Ok here an attempt :) I ran a few times against memory limits, but it probably depends on how close your stores are. I found a nice data set with all companies in San Francisco so ran the code fully on 30k * 50k combinations BUT my criteria was set on roughly 250 m apart.
libraries used
library(data.table)
library(geosphere)
just to prepare a similar data set
# downloaded all stores in SF
# https://towardsdatascience.com/plotting-spatial-data-in-r-a38a405a07f1
dt <- fread("sf_business_dataset.csv")
# prepare and convert the data comparable to your format
dt <- dt[, .SD, .SDcols = c("Location Id", "Business Location")]

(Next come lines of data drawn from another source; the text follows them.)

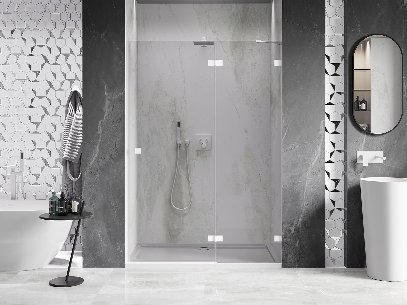 Mexen Lunar dešinės pusės atveriamos dušo durys 135 cm, skaidrios, baltos - 834-135-000-20-00-P
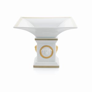 15x19,5x19,5 cm. Germania, XX Sec. alzata centrotavola serie Gorgona in porcellana bianca e dorata, marchio della [..]
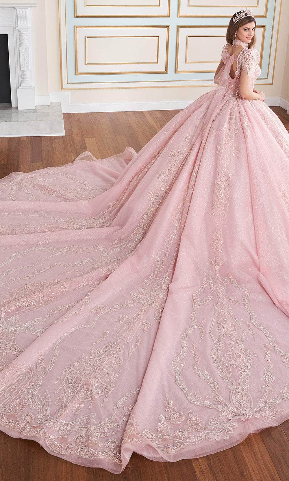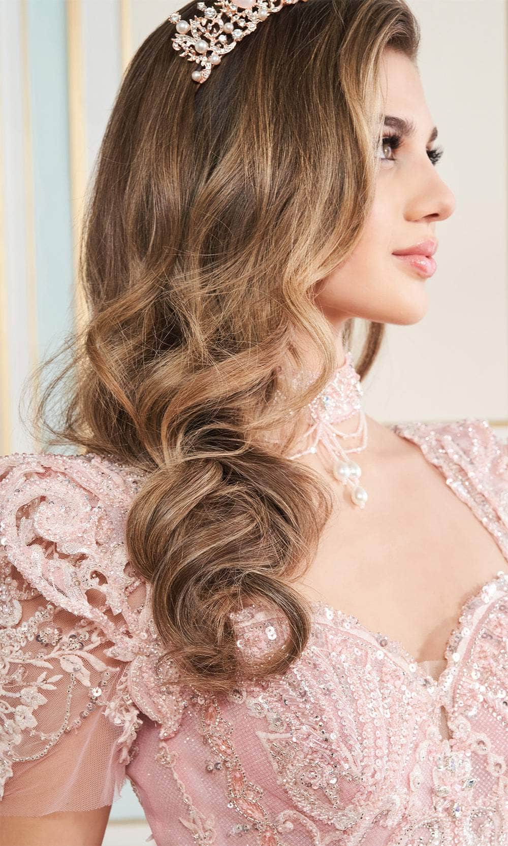 Be a vision of opulence and elegance with this Princesa by Ariana Vara PR70103 ball gown. Featuring a classic sweetheart neckline, this gown showcases intricate appliques, delicate beading, and sparkling stone accents that shimmer beautifully on the glitter tulle fabric. The Basque waistline enhances your silhouette, while the full skirt flows gracefully, creating a dramatic, fairy-tale effect. Complete with detachable cap sleeves, a matching necklace, and a skirt hoop, this Princesa by Ariana Vara PR70103 offers versatility and comfort, ensuring you look and feel like royalty. Model is wearing Blush color.

dt[, c("LATITUDE", "LONGITUDE") := lapply(tstrsplit(gsub(".*\\((.+)\\)", "\\1", `Business Location`), ","), as.numeric)]
dt <- dt[!is.na(LATITUDE) & !is.na(LONGITUDE), .(STORE_ID = `Location Id`, LATITUDE, LONGITUDE)]
# randomize, not sure how it was ordered, so we get a randomized A and B list.
dt[, rIndex := sample(1:.N, .N, replace = F)]
setorder(dt, rIndex)
dt[, rIndex := NULL]
Lets play around, with n of 10000 we create your size, make smaller to just test the code. After this we have the sample data to play with.
# simulate your sample sizes
n <- 10000
STORE_LIST_A <- dt[1:(3*n)]
STORE_LIST_B <- dt[(3*n+1):((3+5)*n)]
solution
This looks a bit redundant, but roughly 0.008 decimal difference equals about 1km, we are not interested in any distance calculation exceeding that. Note on the SF data I made it smaller as we would have too many combinations! I decided to use foverlaps
as post filtering on cartesian join did result in 2.5 bilion combinations, good luck :)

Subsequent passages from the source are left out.